NavList:
A Community Devoted to the Preservation and Practice of Celestial Navigation and Other Methods of Traditional Wayfinding
From: Wendel Brunner
Date: 2019 Feb 19, 08:06 -0800
I had never looked at Frank Reed's methods when I decided to try a lunar in 1992 on my voyage to Hawaii, and I tried to figure out myself how to do it. If you had the lunar distance, sun and moon altitudes all measured simultaneously, it would be pretty straightforward. I remember reading in one of the Hornblower books that it took three midshipmen observing together to do a lunar, but that was clearly not how Slocum did it.

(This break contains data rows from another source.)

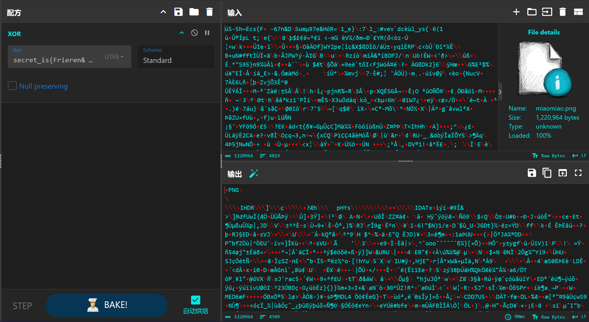 解压缩包里面一个png,不过内容显然被加密过了,试了试异或png头,发现开头是sec,想着肯定是异或刚刚的口令:
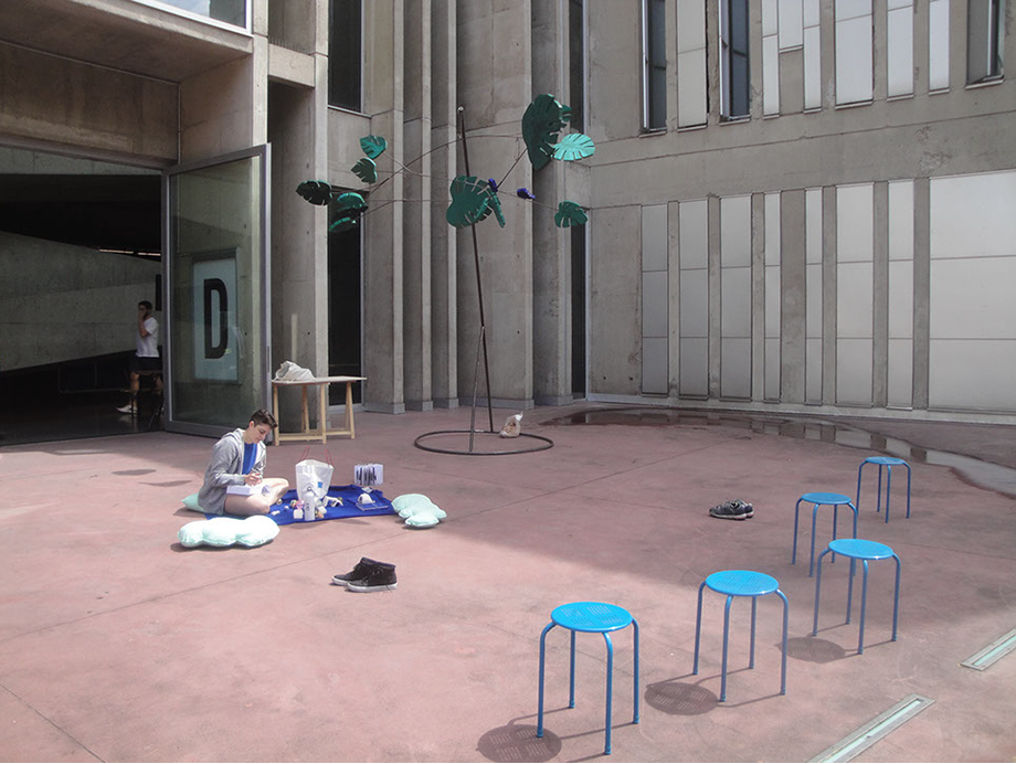 Choisir une balle rebondissante, marcher dans l'espace en la tenant dans sa main. Observer sa texture, son poids, sa résistance. Arrêter la marche. Regarder cette balle: sa couleur, sa taille, ses anfractuosités. Faire pivoter le bras qui porte la balle vers la droite puis vers la gauche, suivre la sphère du regard, continuer le mouvement droite gauche. Continuer en gardant la tête fixe. Puis déplacer la tête dans la direction inverse à celle du bras. Toujours suivre la sphère du regard. Changer de main, puis répéter l'exercice. Emmener le bras dans toutes les directions. Détacher le regard puis se laisser déplacer en suivant le mouvement de l'objet. Reprendre la marche et s'échanger les balles. Quand vous transmettez une balle vous énoncez à haute voie une de ses caractéristique.
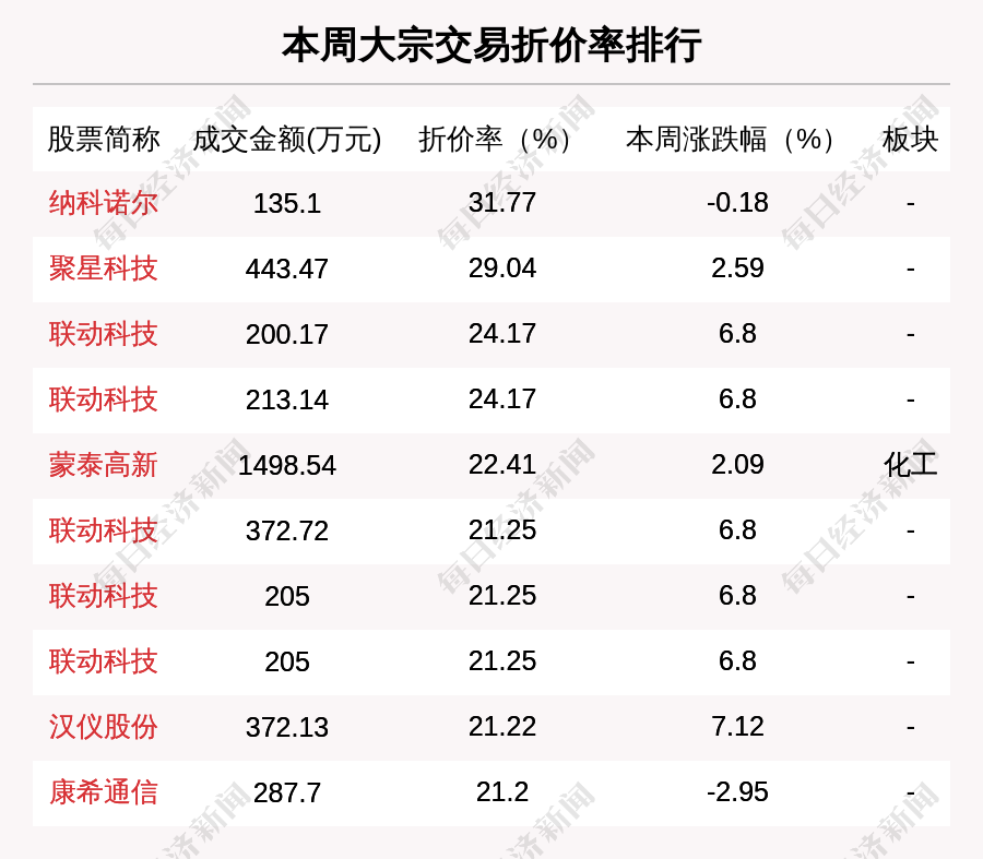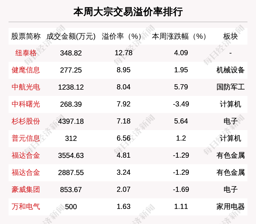 溢價交易方面,本周有1筆大宗交易溢價率超過10%。
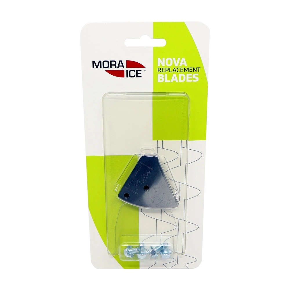 Laget av svensk, rustfritt spesialstÄl. Kuvede kniver gÄr lett i myk is. I hard is fungerer alle typer kniver. Mora Nova reservekniv er kuvede. 110mm bor-diameter
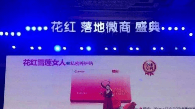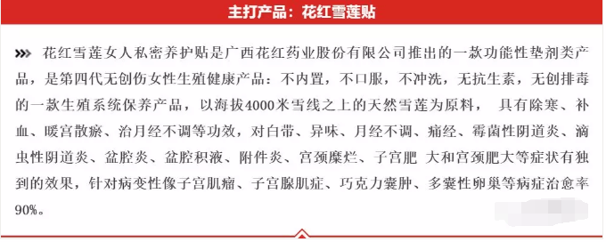 除此之外,花红微商运营的产品还有“花红雪莲贴”,这款由广西花红药业推出的雪莲女人一次性卫生护垫,被宣传为可以调理甚至治疗“宫颈糜烂、子宫肌瘤、囊肿”等隐秘炎症,几乎可以包治妇科百病。但实际上,该款产品的消字号一次性卫生护垫,其卫生许可证号为京卫消证字(2014)第0297号。
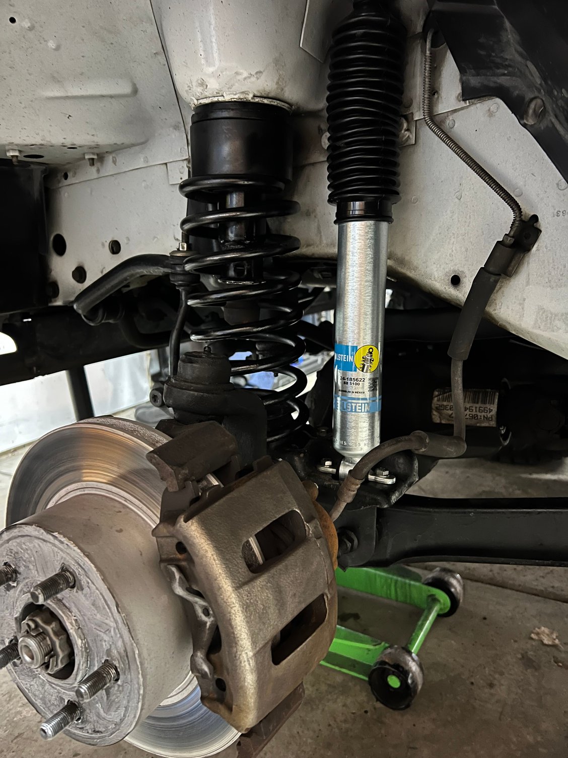 Front: 2 spacers, new isolators, stock springs, 2 extended bilstien 5100s.
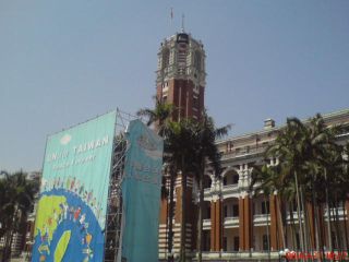"公投"遭否決 臺(tái)"總統(tǒng)府"拆"入聯(lián)"宣傳牌樓(圖)
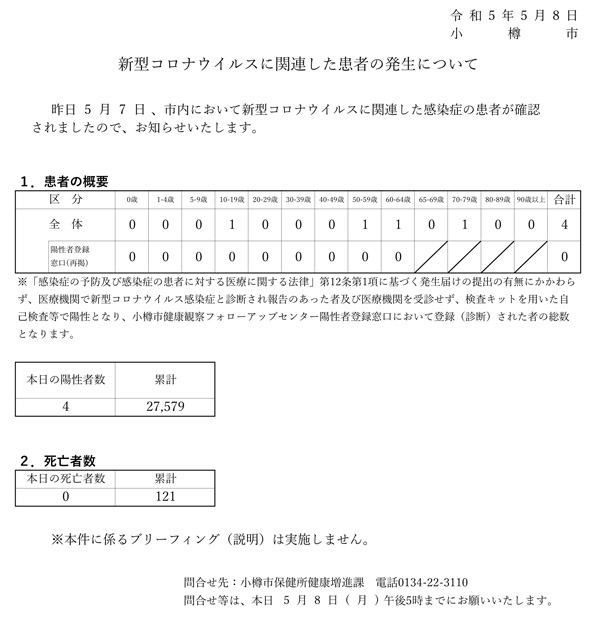 小樽市(迫俊哉市長)では、医療機関で診断し報告のあった者、及び検査キット等で陽性となって陽性者登録センターに登録された0名を合わせた新型コロナウイルス感染の新規陽性者4名を、5月8日(月)15:00に発表。

When I observed for my lunar, I measured a series of Lunar Distances, sun altitudes and the time between those measurements, but I couldn't get the moon altitude because the horizon under it was obscured. I took the data home and despaired of a solution, until I realized that longitude, time and lunar distance were linked, and a lunar distance along with any other celestial observation was enough to determine the solution. The iterative method allowed me to calculate the solution, and then I realized it had some other advantages as well. The iterative method allows one to focus on careful observations and let the calculations handle the other complications. You don't need three midshipmen. I think it would be pretty tedious to do this calculation with logarithms, but with a cheap calculator it is reasonable. I eventually programmed a hand calculator to do all the celestial calculations, including lunars using this iterative method.
The main advantage of this method is that you don't have to try to determine a lunar distance and sun and moon altitudes simultaneously, something that I think is observationally awkward.
I believe the StarPath calculator they sell - which is the only one I know, except mine, which does lunars - uses this iterative method as well, based on some correspondence I had with them.